▸ TASK OBJECTIVE
Down to the last line, write out the entries below exactly and omit all pictures.

INPUT DATA below:

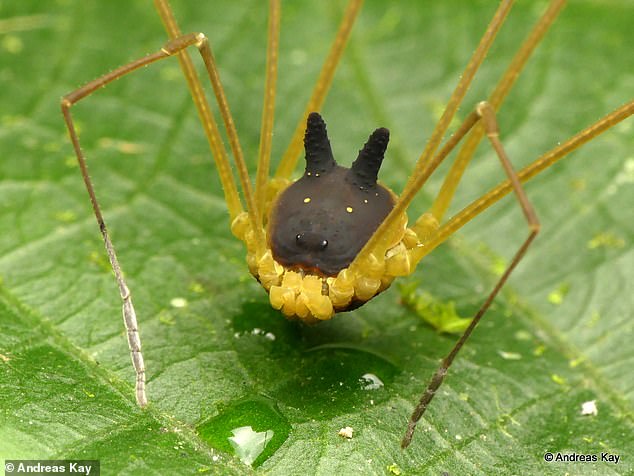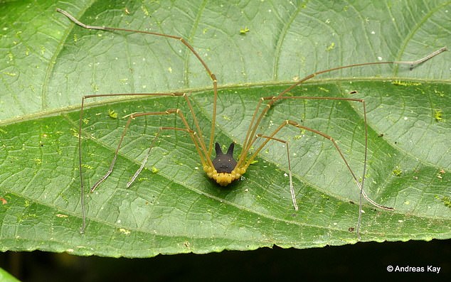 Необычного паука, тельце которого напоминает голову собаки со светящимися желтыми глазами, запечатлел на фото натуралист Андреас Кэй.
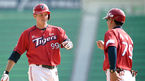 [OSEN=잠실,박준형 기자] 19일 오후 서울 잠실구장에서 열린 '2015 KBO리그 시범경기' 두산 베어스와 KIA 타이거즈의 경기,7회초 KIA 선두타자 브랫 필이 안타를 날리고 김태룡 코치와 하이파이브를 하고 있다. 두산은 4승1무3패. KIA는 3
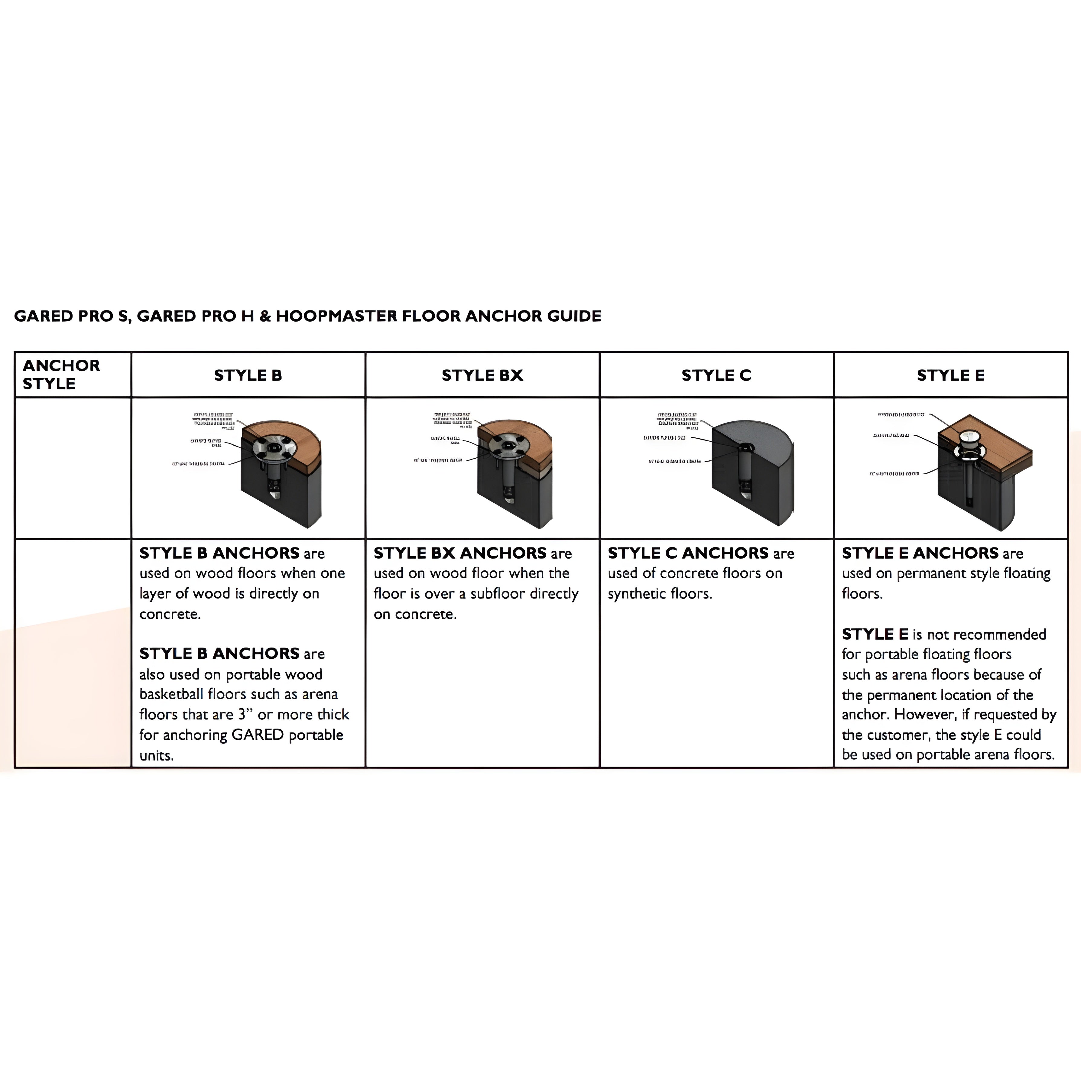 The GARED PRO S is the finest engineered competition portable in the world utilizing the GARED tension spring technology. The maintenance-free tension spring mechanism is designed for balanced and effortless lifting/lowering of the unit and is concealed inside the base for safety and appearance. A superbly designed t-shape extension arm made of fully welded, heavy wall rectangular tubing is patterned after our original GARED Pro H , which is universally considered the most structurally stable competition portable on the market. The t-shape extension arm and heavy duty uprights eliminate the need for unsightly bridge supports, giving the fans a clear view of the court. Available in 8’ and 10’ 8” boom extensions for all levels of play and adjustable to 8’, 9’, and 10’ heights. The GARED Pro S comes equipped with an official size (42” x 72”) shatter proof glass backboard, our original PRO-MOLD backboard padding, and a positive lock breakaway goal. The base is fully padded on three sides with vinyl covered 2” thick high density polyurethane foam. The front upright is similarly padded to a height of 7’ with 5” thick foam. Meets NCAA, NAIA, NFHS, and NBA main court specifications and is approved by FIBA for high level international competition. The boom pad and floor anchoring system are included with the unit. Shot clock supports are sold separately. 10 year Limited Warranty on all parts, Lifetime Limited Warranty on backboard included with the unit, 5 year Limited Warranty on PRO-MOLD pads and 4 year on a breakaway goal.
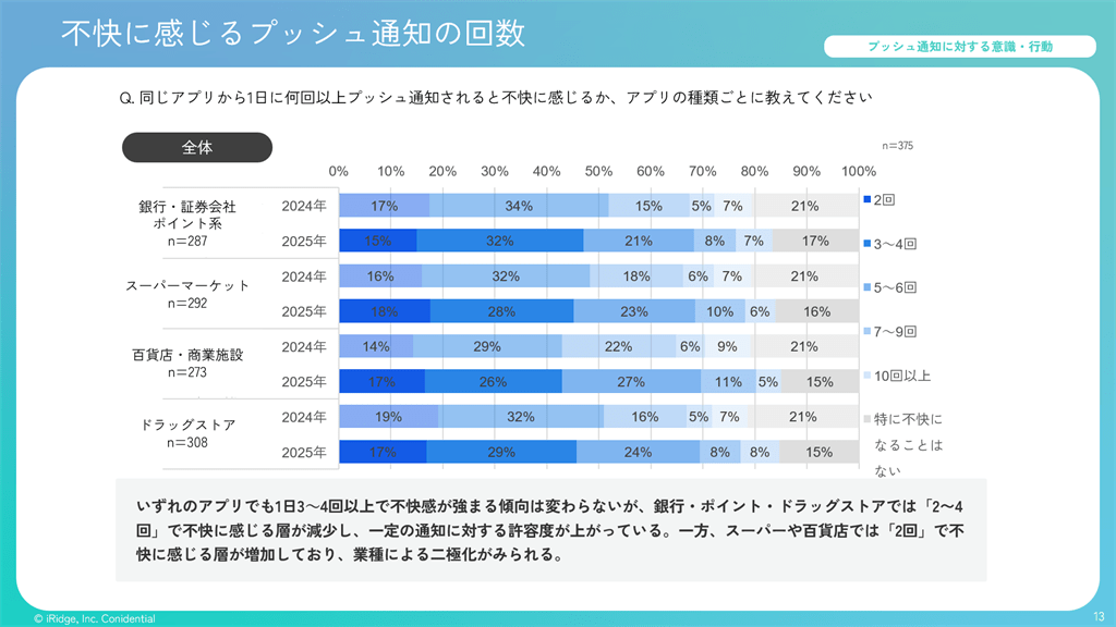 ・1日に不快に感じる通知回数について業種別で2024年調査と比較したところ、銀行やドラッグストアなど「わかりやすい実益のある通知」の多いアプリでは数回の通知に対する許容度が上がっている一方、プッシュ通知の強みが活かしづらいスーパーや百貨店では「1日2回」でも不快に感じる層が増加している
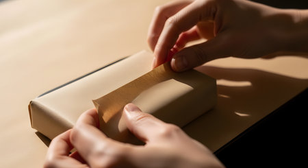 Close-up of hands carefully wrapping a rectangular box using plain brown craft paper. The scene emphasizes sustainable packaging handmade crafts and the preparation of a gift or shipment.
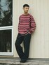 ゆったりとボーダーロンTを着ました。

End of INPUT DATA.

▸ TASK OUTPUT
 Необычного паука, тельце которого напоминает голову собаки со светящимися желтыми глазами, запечатлел на фото натуралист Андреас Кэй.
 [OSEN=잠실,박준형 기자] 19일 오후 서울 잠실구장에서 열린 '2015 KBO리그 시범경기' 두산 베어스와 KIA 타이거즈의 경기,7회초 KIA 선두타자 브랫 필이 안타를 날리고 김태룡 코치와 하이파이브를 하고 있다. 두산은 4승1무3패. KIA는 3
 The GARED PRO S is the finest engineered competition portable in the world utilizing the GARED tension spring technology. The maintenance-free tension spring mechanism is designed for balanced and effortless lifting/lowering of the unit and is concealed inside the base for safety and appearance. A superbly designed t-shape extension arm made of fully welded, heavy wall rectangular tubing is patterned after our original GARED Pro H , which is universally considered the most structurally stable competition portable on the market. The t-shape extension arm and heavy duty uprights eliminate the need for unsightly bridge supports, giving the fans a clear view of the court. Available in 8’ and 10’ 8” boom extensions for all levels of play and adjustable to 8’, 9’, and 10’ heights. The GARED Pro S comes equipped with an official size (42” x 72”) shatter proof glass backboard, our original PRO-MOLD backboard padding, and a positive lock breakaway goal. The base is fully padded on three sides with vinyl covered 2” thick high density polyurethane foam. The front upright is similarly padded to a height of 7’ with 5” thick foam. Meets NCAA, NAIA, NFHS, and NBA main court specifications and is approved by FIBA for high level international competition. The boom pad and floor anchoring system are included with the unit. Shot clock supports are sold separately. 10 year Limited Warranty on all parts, Lifetime Limited Warranty on backboard included with the unit, 5 year Limited Warranty on PRO-MOLD pads and 4 year on a breakaway goal.
 ・1日に不快に感じる通知回数について業種別で2024年調査と比較したところ、銀行やドラッグストアなど「わかりやすい実益のある通知」の多いアプリでは数回の通知に対する許容度が上がっている一方、プッシュ通知の強みが活かしづらいスーパーや百貨店では「1日2回」でも不快に感じる層が増加している
 Close-up of hands carefully wrapping a rectangular box using plain brown craft paper. The scene emphasizes sustainable packaging handmade crafts and the preparation of a gift or shipment.
 ゆったりとボーダーロンTを着ました。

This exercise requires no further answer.